Transit Manager Mark Rickards said the 65-bus fleet has eight cameras installed on 35- and 40-foot buses, with 10 on 60-foot articulating buses and para-transit buses having a half dozen. All vehicles also have four cameras for exterior views.

“We have the whole exterior covered,” he said. “One looking front, one looking down each side and also one looking out the back.”

Capturing footage outside transit buses can prove useful on a number of fronts, Rickards said.

“When there is an accident or … collision where a car hits a bus, we can go back and look at that and determine liability or fault,” he said.

In other cases, exterior footage captures criminal activities, Rickards said. 

“If there is a crime that supposedly happens, and the bus is going by at that time, the police can request that video,” he said. “The neat thing about these videos is you can pinpoint, slow them down, plus look at various speeds [and] angles.”

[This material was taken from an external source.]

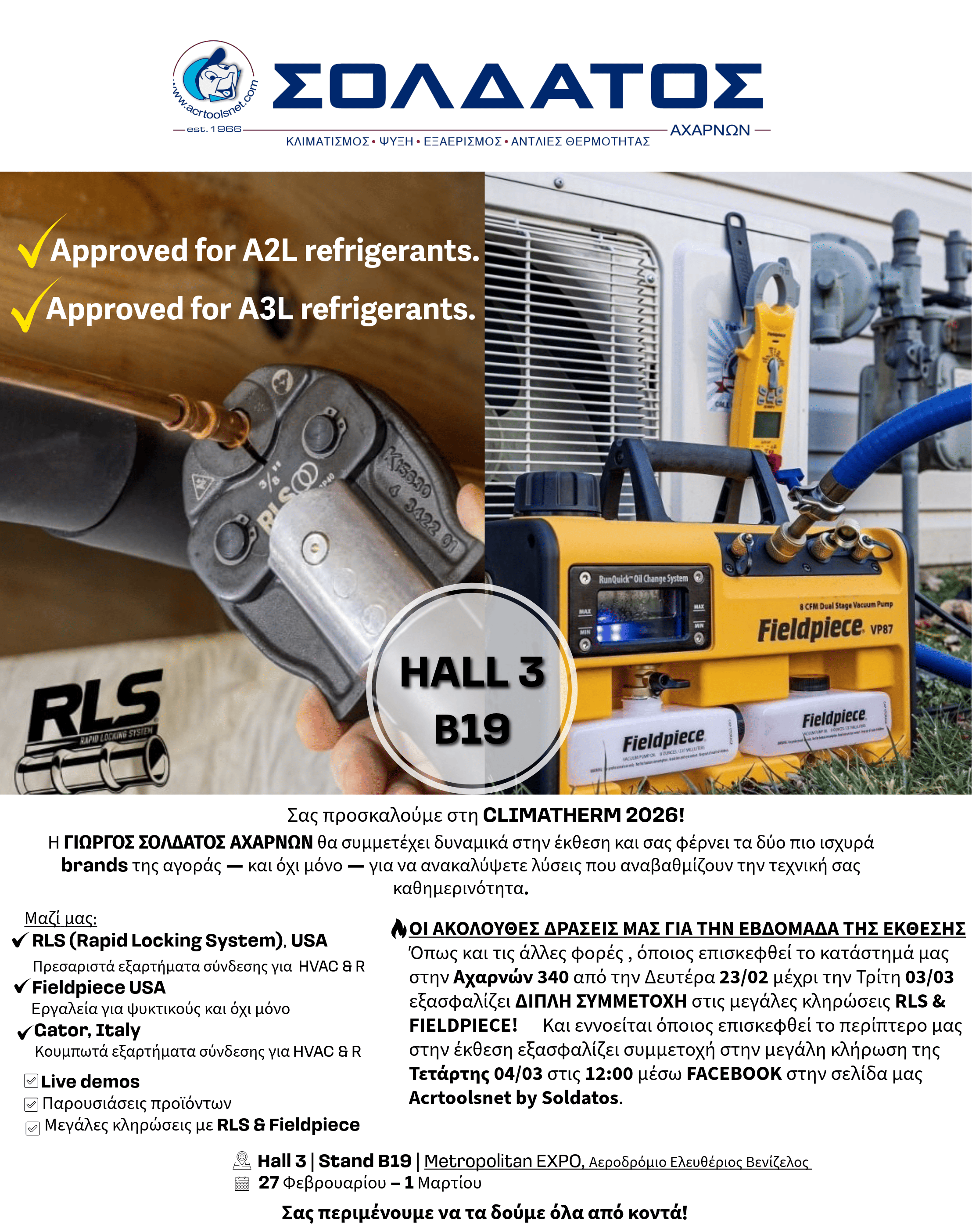 Μάρκα: ROTHENBERGER (Germany) Κωδ. είδους: 50.07.068ΚΙΤ ΑΖΩΤΟΥ R170620SP 90bar ROTHENBERGER Σετ εργαλείων για έλεγχο με άζωτο σε HVAC συστήματα και έλεγχο απώλειας πιέσεως από μικρο-διαρροές. Επίσης ..Μάρκα: Other Κωδ. είδους: 29.05.152ΚΟΛΛΑ LOGO ΣΤΙΓΜΗΣ Classic (2gr + 1gr δωρο) .....5,58€Χωρίς ΦΠΑ:4,50€

OCPD Public Affairs Officer Lindsay Richard said, in a similar fashion to private property owners’ surveillance systems, her department requests permission to use footage for investigative purposes.

Connor said bus surveillance footage proved useful in assisting police to identify and capture criminal suspects this summer.

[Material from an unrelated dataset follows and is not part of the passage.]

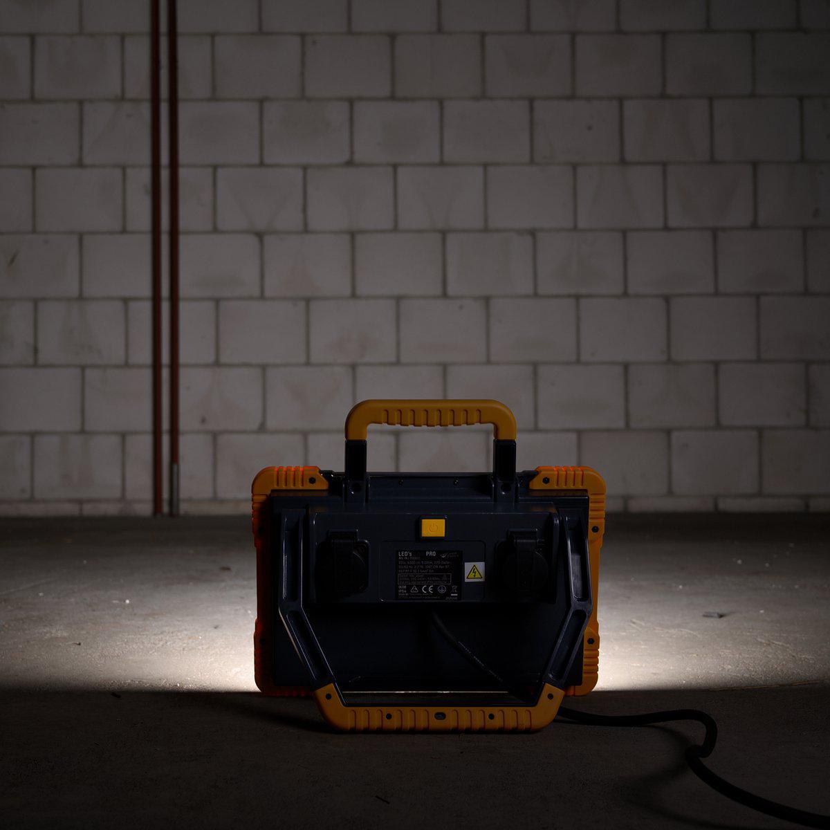 Aan de achterzijde van de bouwlamp zijn 2 extra stopcontacten verwerkt. Hier kun je bijvoorbeeld andere verlichting of je elektrische gereedschap op aansluiten. Handig!

“The feedback from the police department was … the clarity and quality of these images is awesome,” he said.

The new video system also helps address passenger complaints regarding drivers, Rickards said.

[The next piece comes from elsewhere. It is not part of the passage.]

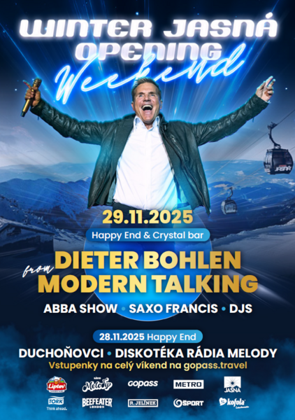 We’re opening the new 2025/26 ski season in Jasná on the last November weekend! This year, we’ll party with DIETER BOHLEN – MODERN TALKING as the main star, and you can look forward to an opening packed with a varied day and evening programme starting already on Friday, 28th November 2025

“Most times the complaints are found not to be valid,” he said. “The videos are very helpful in determining driver discipline and we couldn’t do that before.”

Reviewing incident footage also helps with driver training and retention, Rickards said.

“It’s hard to argue your own actions on the film,” he said.

Connor said in the most egregious cases, unruly passengers have assaulted drivers.

“This makes it incredibly easier for us to identify the perpetrator and under what circumstances this occurred,” he said.

The system also captures audio, which Connor said proved useful this spring after a passenger had a heated exchange with a transit driver. 

“If you didn’t have audio, you would just think this is getting a little heated,” he said. “Once you heard the words … it took it to a completely different level where it was illegal.”

Now able to decipher the precise language used, which included threats of bodily harm, Connor said accurate blame was assigned.

“It made clear sense we were not at fault and yet this person was complaining we had done something wrong,” he said. “It’s funny how people remember what they remember.”

Other camera system perks include recording bus speeds and physical locations, Rickards said.

“The driver has a view [screen] up in the visor and they can select a live shot,” he said. “With this you can see what’s going on all the way in the back.”

Rickards also noted, unlike the City Watch system on the Boardwalk which are monitored live, bus cameras are intended to enhance public safety in response to reported incidents.

“They’re safe because something is watching but we’re not watching in real time,” he said.